Zalasiewicz et al. 2015: 196
Not yet a reversal of Kant’s statement about chronology and history, the paragraph illustrates how chronological procedures are reinstalled at the core of historiography, raising questions about the quality of time (‘geological’), periodization (‘the Anthropocene time interval as an epoch’), beginnings and origins (‘July 16th 1945’), computation (‘the average rate of one every 9.6 days’) and claims for universality (‘the most pronounced and globally synchronous signal’). In spite of the almost mythological search for the ‘golden spike’, however, the evidence and arguments for different chronological options are not found in mystical numbers like the numerus septuarius, or in Christian dogma, but in the ‘chemostratigraphic record’, that is ‘Anthropocene deposits’ containing a ‘radionuclide signal’. In other words, the spiritual truth of Christian providence has been replaced by the material truth of the stratigraphical composition of the Earth, and, thus, theology by earth systems science. The point of this analogy is not primarily to bring out the metaphysics of science, but rather to emphasize how both of these disciplines – theology and earth system science – impact human history, and that their impact takes the form of questions of dating, periodization and time-measurement, in other words of chronology.

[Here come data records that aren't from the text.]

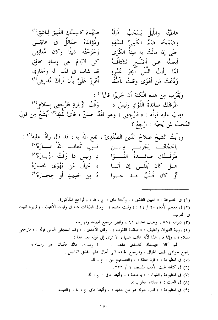 وَرَأَيْت الشَّيْخ صَلَاح الدّين الصَّفَدِي نفع الله بِهِ قد قَالَ رادا عَلَيْهِ
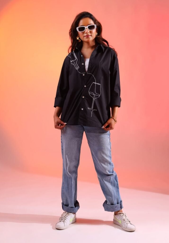 Black Wine Printed Shirt (Women)
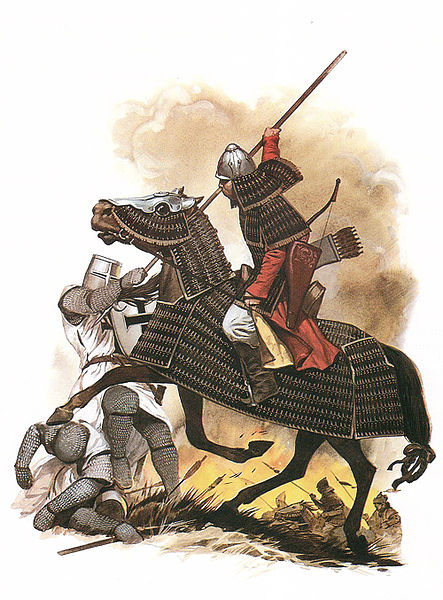 XIII gs. mongoļu smagais jātnieks kaujā pie Lignicas (1241.). Mūsdienu mākslinieka rekonstrukcija, par pamatu Karpini un Robinsona materiālu.
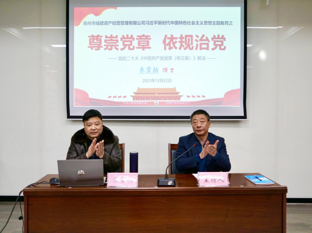 揚州大學(xué)法學(xué)博士、副教授、碩士生導(dǎo)師朱常柏博士以《尊崇黨章 依規(guī)治黨》為題,為大家進(jìn)行了學(xué)黨章專題輔導(dǎo),并根據(jù)新修訂的《中國共產(chǎn)黨章程》,對“黨章的地位與作用”“黨章的結(jié)構(gòu)與內(nèi)容”“黨章修正若干要點”三個方面作了重點解讀。朱博士講解風(fēng)格生動幽默,內(nèi)容結(jié)構(gòu)脈絡(luò)清晰,理論與實際相聯(lián)系、歷史與現(xiàn)實相對照,引導(dǎo)我們要時刻做到心中有黨、在黨言黨、對黨忠誠,進(jìn)一步增強尊崇黨章、遵守黨章、維護(hù)黨章的自覺性和堅定性,真正把黨章黨規(guī)內(nèi)化于心、外化于行。
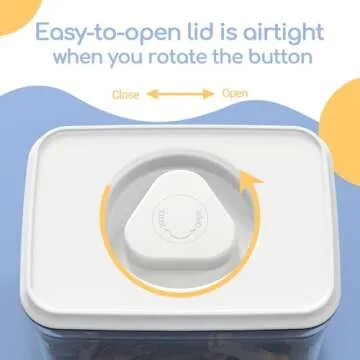 Show moreIntroducing our 2 PACK Dog Treat Container, the perfect solution for pet owners looking to keep their furry friends' snacks fresh and organized. With a patented airtight lid, this container is designed with a unique triangular button for easy twisting, ensuring a strong, secure seal every time. Crafted from a thick, durable plastic, it withstands the rigors of daily use better than traditional glass or ceramic alternatives, offering both strength and portability. You can trust that your dog treats will remain dry and fresh, ready for every rewarding moment.
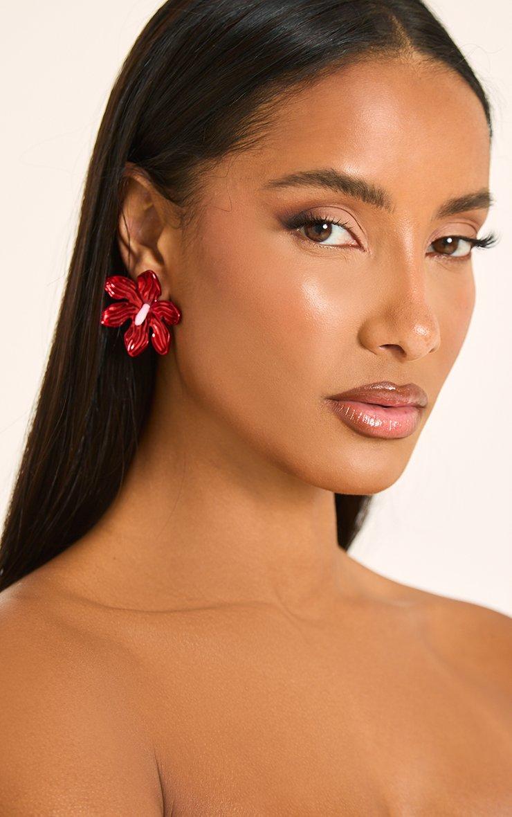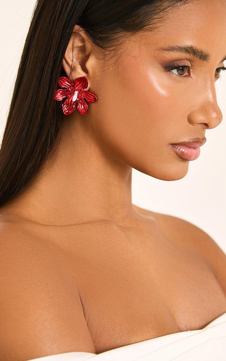 Flower Detail Stud Earrings In Red
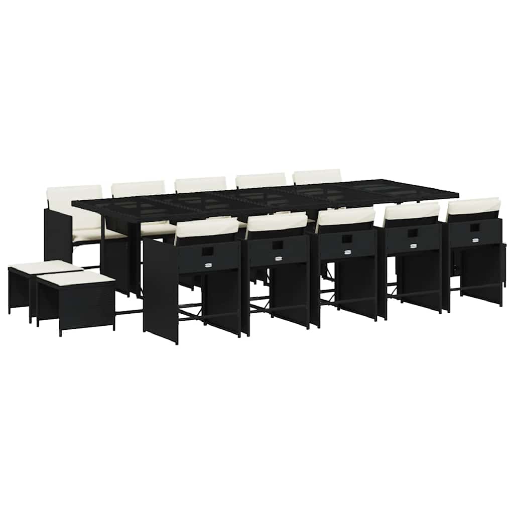 Σετ Τραπεζαρίας Κήπου 15 τεμ Μαύρο από Συνθ. Ρατάν με Μαξιλάρια
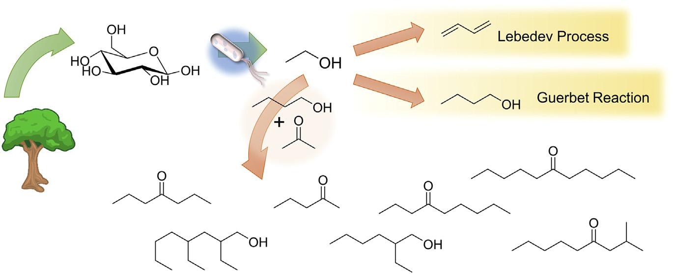Withtheresurgenceofinterestinbiorenewablefuelsinthefirsttwodecadesofthe 21stcentury,therehasbeenacorrespondinginterestincarbon carbonbond formingreactions.Althoughcarbon carbonbondformationisnotnewinethanol processing(seethediscussionmentionedearlierontheLebedevandGuerbet reactions),someprocesseshavebeendevelopedthatincorporateethanolwithother biomass-derivedsmallmolecules.Notableamongtheseprocessesistheworkofthe TosteandBellgroups,whohavedevelopedroutestonewbiobasedlubricantsand long-chainhydrocarbonfuelsusingthemixtureofacetone,butanol,andethanol producedduringacetone butanol ethanolfermentation(GoulasandToste,2016).
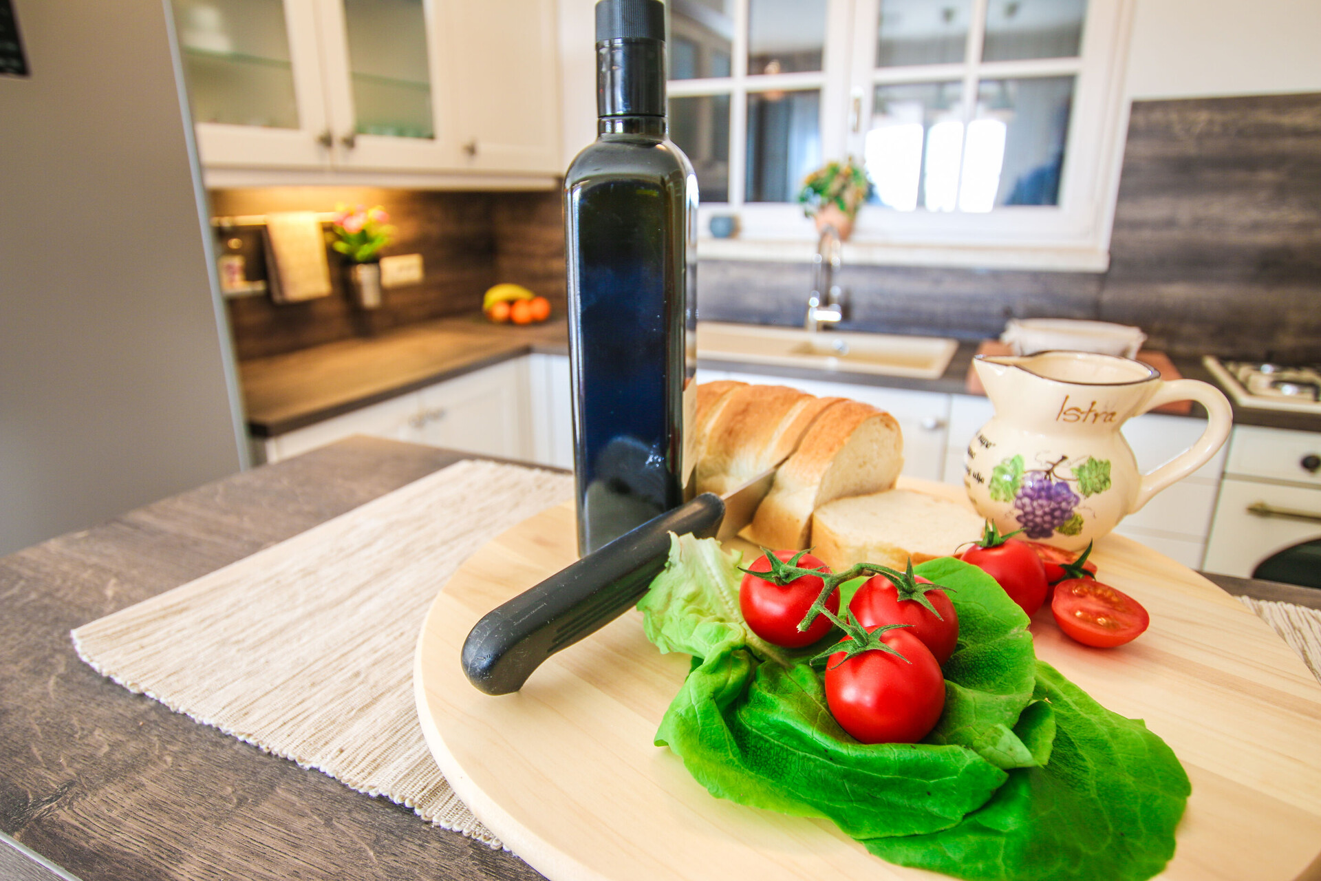 • miza in stoli, pomivalno korito, pečica, hladilnik, zamrzovalnik, aparat - kuhalnik za vodo, aparat za filter kavo, mikrovalovka, opekač, pomivalni stroj, likalnik, kuhalna plošča.
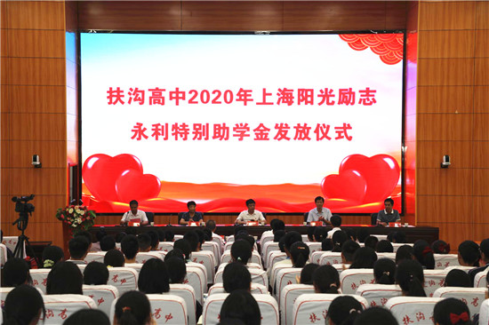 9月3日,上海陽(yáng)光勵(lì)志獎(jiǎng)學(xué)金發(fā)放儀式在扶溝縣高中舉行。副縣長(zhǎng)史凱歌,縣教體局局長(zhǎng)翟連生,扶溝高中全體領(lǐng)導(dǎo)班子、教師代表、獲獎(jiǎng)學(xué)生和部分學(xué)生代表共計(jì)200余人參加了發(fā)放儀式。
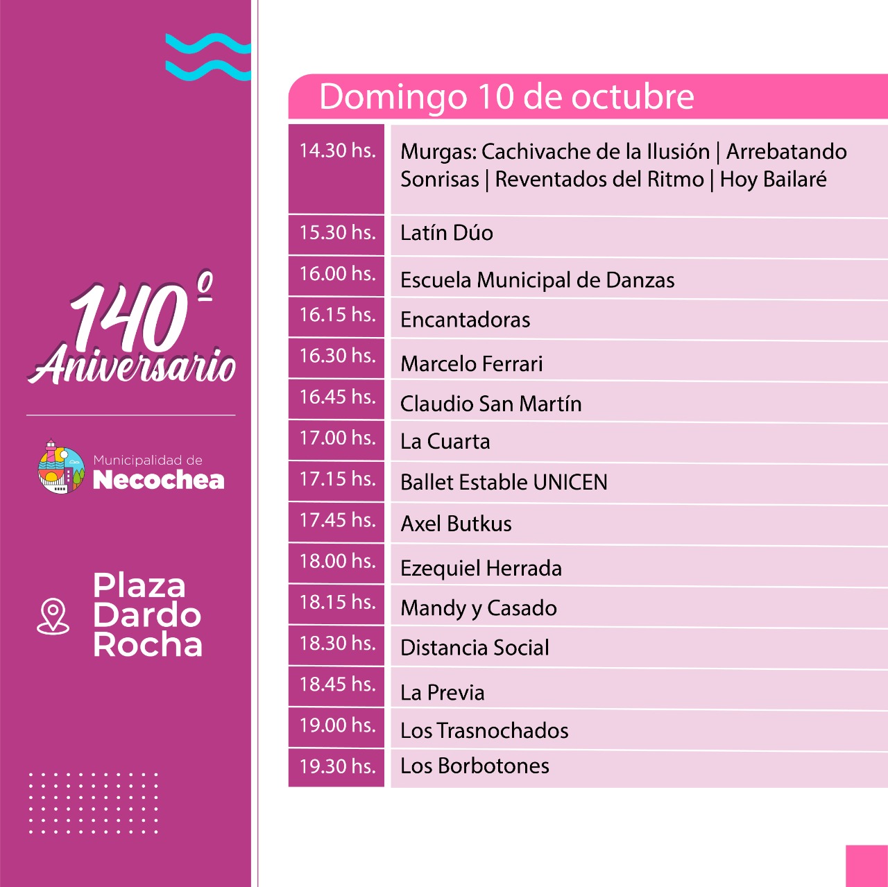 Por el escenario mayor de la Plaza Dardo Rocha pasarán artistas de los más variados géneros musicales y distintos cuerpos de baile, que estarán pisando las tablas desde este mismo viernes y hasta el lunes 11 de octubre. También habrá paseos gastronómicos y de emprendedores, juegos y talleres.
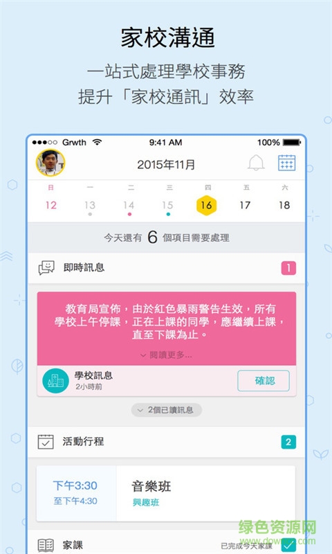 2)GRWTH「家校通讯」的功能包括「家课册」、「通告回条」、「即时通讯」及「日程」
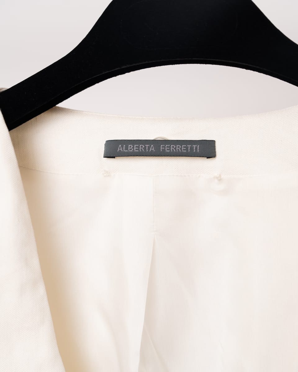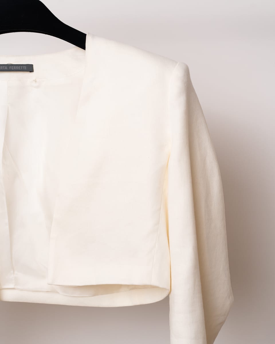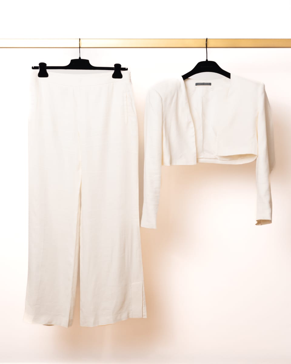 Acest set reprezintă esența rafinamentului italian, combinând minimalismul cromatic cu o croială sculpturală. Realizat dintr-o țesătură premium (amestec de in cu vâscoză), ansamblul este ideal pentru evenimente formale de zi, cocktail-uri sau chiar ca ținută alternativă pentru o mireasă modernă.
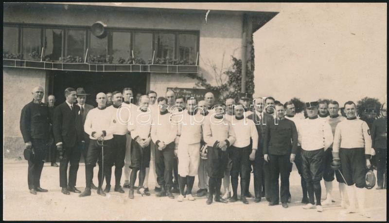 1927 IV. országos rendőrtiszti kardvívóverseny résztvevői, hátoldalon feliratozott csoportkép, 14x8 cm

In conclusion, returning to chronology should not be understood as a return to an early modern knowledge practice, nor should it be taken as a full-fledged historical analogy. Rather, the point of this chapter has been to discuss how new forms of presentism – evoking the present as the scene of a mass extinction event, or of the emergence of humanity as a geological agent – destabilize the modernist principles of time-reckoning and open historiography up to a plurality of competing chronological practices. In the next step, these practices will transform completely the conceptions of subjectivity, agency, and even events in history, as past, present and future humans are inscribed into time frames and timescales that differ radically from the 6,000 years of modernist historiography. In this way the return to chronology will lead to new turns, decentring both the present, the human subject and Western civilization, and giving rise to different narratives of life on the planet.